В этот вечер, устав от зубрёжки, они легли спать чуть раньше обычного, но ещё болтали, когда раздался стук в окно. Тётя Марина кинулась в сени - ждала Володю с работы, через мгновенье заглянула к девушкам:
- Не спите? Наталья, там к тебе.
Наташа, как была в ночной рубашке, только накинув на плечи шаль, выбежала в сени. Конечно, Анатолий. Она замерла, кутаясь в шаль.
- Что случилось?
- Не пугайся, так вышло, срочно собирайся, такси ждёт, две минуты тебе, всё остальное по дороге.
Она была готова через минуту - юбка, свитерок, взмах расчёской по волосам. Всё!
- Сумасшедшие! - только и успела сказать вслед Алла.
В машине Анатолий взял её за руку, от него пахло вином, заговорил сумбурно:
- Прости, я из аэропорта, друг пролётом, опаздываю на день рождения к другому другу, помнишь, я тебе рассказывал, художник, очень хочу тебя с ним познакомить.
Как только они вошли в квартиру, Наташа сразу поняла, что он её обманул. Конечно, он тут был, а не в каком-то аэропорту. Видно было, что их ждали. Все высыпали в большую прихожую, как на смотрины. Весёлые, нарядные, разогретые вином и танцами, парни и девушки обступили их, явно разглядывая и оценивая Наташу. Анатолий представил им девушку, извиняясь за опоздание. Все понимающе кивали головами. Эта юмористическая сцена раскрепостила Наташу, она стойко выдержала публичное разглядывание.

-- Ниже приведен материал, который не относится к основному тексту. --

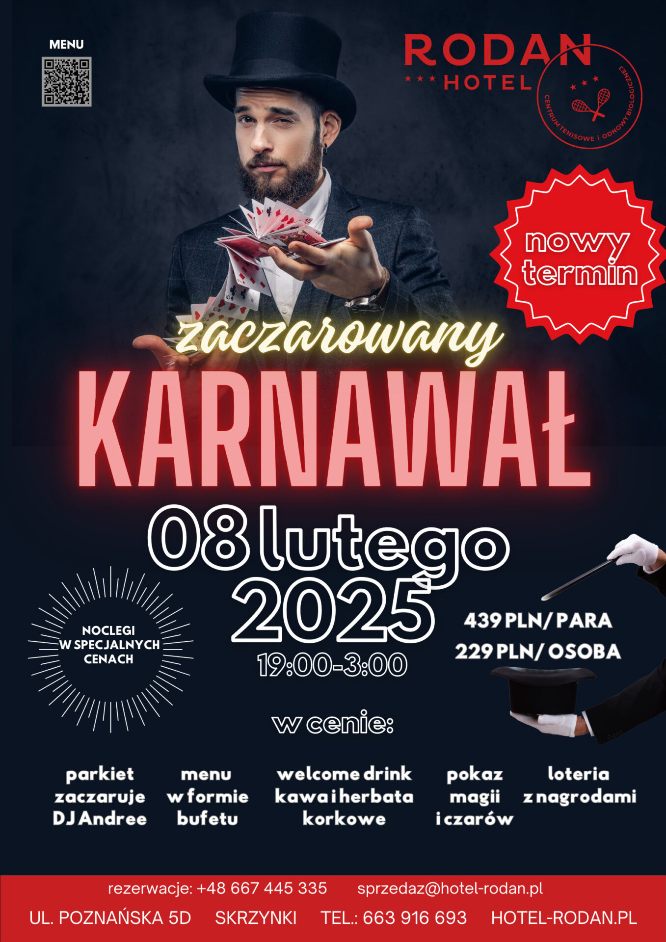 Przed nami najlepsza w 2025 roku impreza karnawałowa! Pozostajemy w klimacie czarów, tym razem racząc Państwa pokazem magii prowadzonym przez prawdziwego iluzjonistę!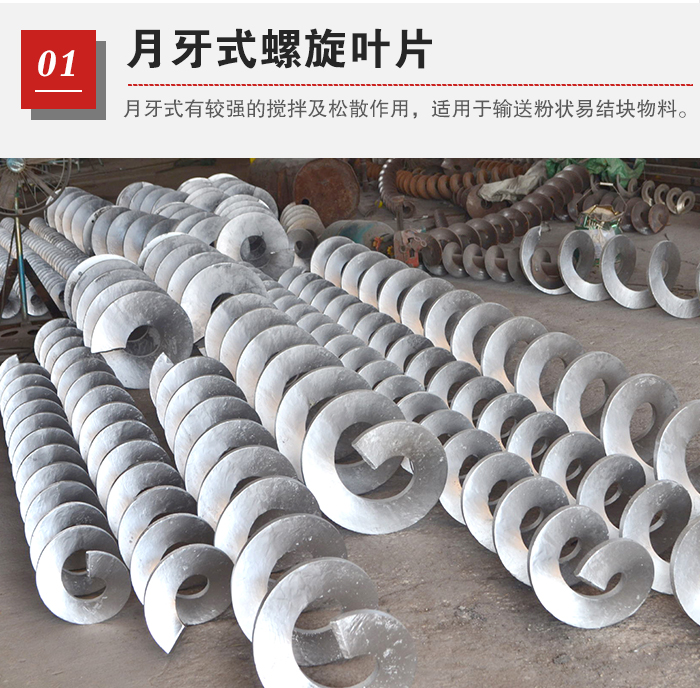 月牙式有較強的攪拌及松散作用,適用于輸送粉狀易結(jié)塊物料。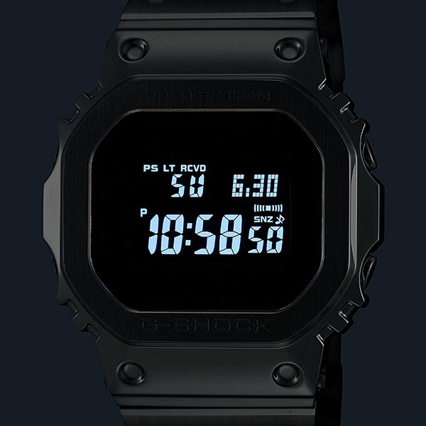 1983年の誕生以来タフネスを追求するG-SHOCKから、フェイスに鮮やかなブルーを採用したフルメタルシリーズです。ガラス面にメタリックブルーの蒸着加工を施すことで、ステンレス製のベゼルとバンドに調和させています。フルメタルによる耐衝撃構造を実現するために、ベゼルとケースの間には、ファインレジン製の緩衝材を実装。また、バンド接続部を3本足構造とし、連結パイプに加わる衝撃を分散。メタル製のバンドピースにディンプル加工を施し、初号機の樹脂バンドデザインを継承しました。裏蓋には、気密性に優れたスクリューバックを採用しています。 GMWB5000D2JF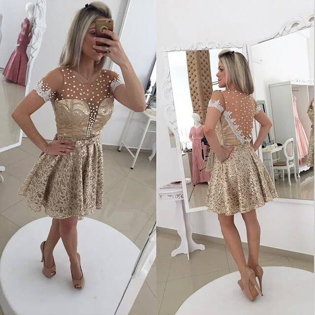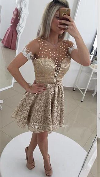 Glamorous Pearls Lace Cocktail Dress Illusion Short Sleeve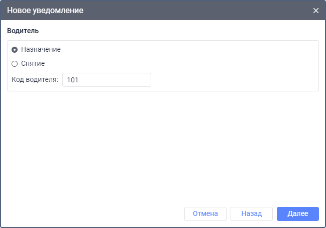 Уведомления этого типа позволяют узнавать о назначении или снятии водителей с объектов.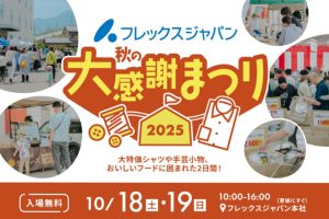 10/18(金)10/19(土)『フレックスジャパン秋の大感謝まつり2025』倉庫開放の大特価&最大62%OFF!地元グルメとハンドメイドマルシェも@長野県千曲市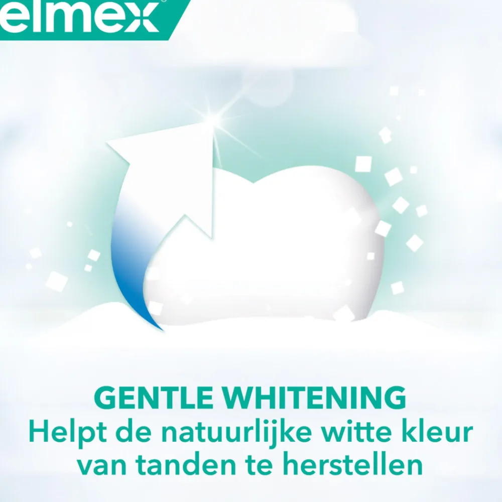 De nieuwe Elmex Sensitive Tandpasta Whitening heeft een geavanceerde technologie voor een proactieve bescherming van je hele mond. Werkt tegen bacteriën, niet alleen op de tanden, maar ook op de tong, de wangen en het tandvlees, en dat 12 uur lang*. *na 4 weken van continu gebruik, klinische studie.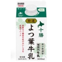 北海道産生乳を使用した「特選よつ葉牛乳」は、コクがありながらもすっきりとした飲み口。金色の「特選」ラベルが目印です。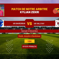 Programme de notre Jeune Arbitre !!! Kylian sera demain sur le terrain de Davézieux, pour officier un match de U13 D1, opposant l...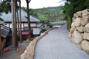 実は、地震と大雨で、石が外れ、崖崩れとなりました。折角の石垣…。残念。

Хозяин квартиры, пожилой известный художник, сидел в зале за столом, уставленным напитками и закусками, дом был хлебосольный. Анатолий завёл гостью в зал, представил хозяину, усадил за стол. Наташа вытерпела и испытующий  взгляд художника. Ей налили вина, она чуть пригубила, что-то клюнула с тарелки. Пётр Никанорович (так звали художника) всё смотрел на неё изучающим взглядом, словно собирался писать портрет. Девушка не выдержала.
- Что вы на меня так смотрите? – провела рукой по волосам. – Что-то не так?

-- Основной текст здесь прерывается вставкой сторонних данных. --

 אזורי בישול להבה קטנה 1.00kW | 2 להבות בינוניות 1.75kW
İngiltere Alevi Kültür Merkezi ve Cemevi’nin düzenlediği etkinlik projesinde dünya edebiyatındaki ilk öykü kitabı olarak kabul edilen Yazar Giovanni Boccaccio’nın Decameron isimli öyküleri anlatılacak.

- Да всё так, - отозвался художник, - любуюсь. Девушка вы красивая. Как это там, у Перова, Серова, девушка с абрикосами, персиками, апельсинами, мандаринами?
- Можно и с яблоками, - пошутила Наташа, доставая из огромной хрустальной вазы зелёное светящееся яблоко.
- И -  умная, - добавил хозяин.
Анатолий наблюдал всю эту сцену, сидя в торце стола, любуясь девушкой и восхищаясь её умением держаться. Он встал, подошёл к Наташе, обратился к Петру Никаноровичу:
- Мы танцевать.
Это был первый их танец, тогда, у Владимира на дне рождения, Анатолию было не до танцев. Сейчас он обнял Наташу, прижался губами к её уху.
- Ты умная, ты всё поняла, прости, если бы я сказал, что уже тут был, ты бы не поехала.
- Поехала бы, - прошептала Наташа, не чувствуя себя от счастья быть в его объятьях, быть так близко к нему, слышать его дыхание.
- Ты зачем меня с ним одну оставил?
- Привыкай, здесь все свои. Это актриса, это художник, эта из драмы, этот из ТЮЗа.
Он поворачивал Наташу в танце, останавливая взгляд то на одном, то на другом госте, и каждого представлял шёпотом девушке. Это был мир, совсем Наташе не знакомый. В какой-то момент она почувствовала себя Золушкой на балу. И пора было убегать с этого бала, пока карета не превратилась в тыкву.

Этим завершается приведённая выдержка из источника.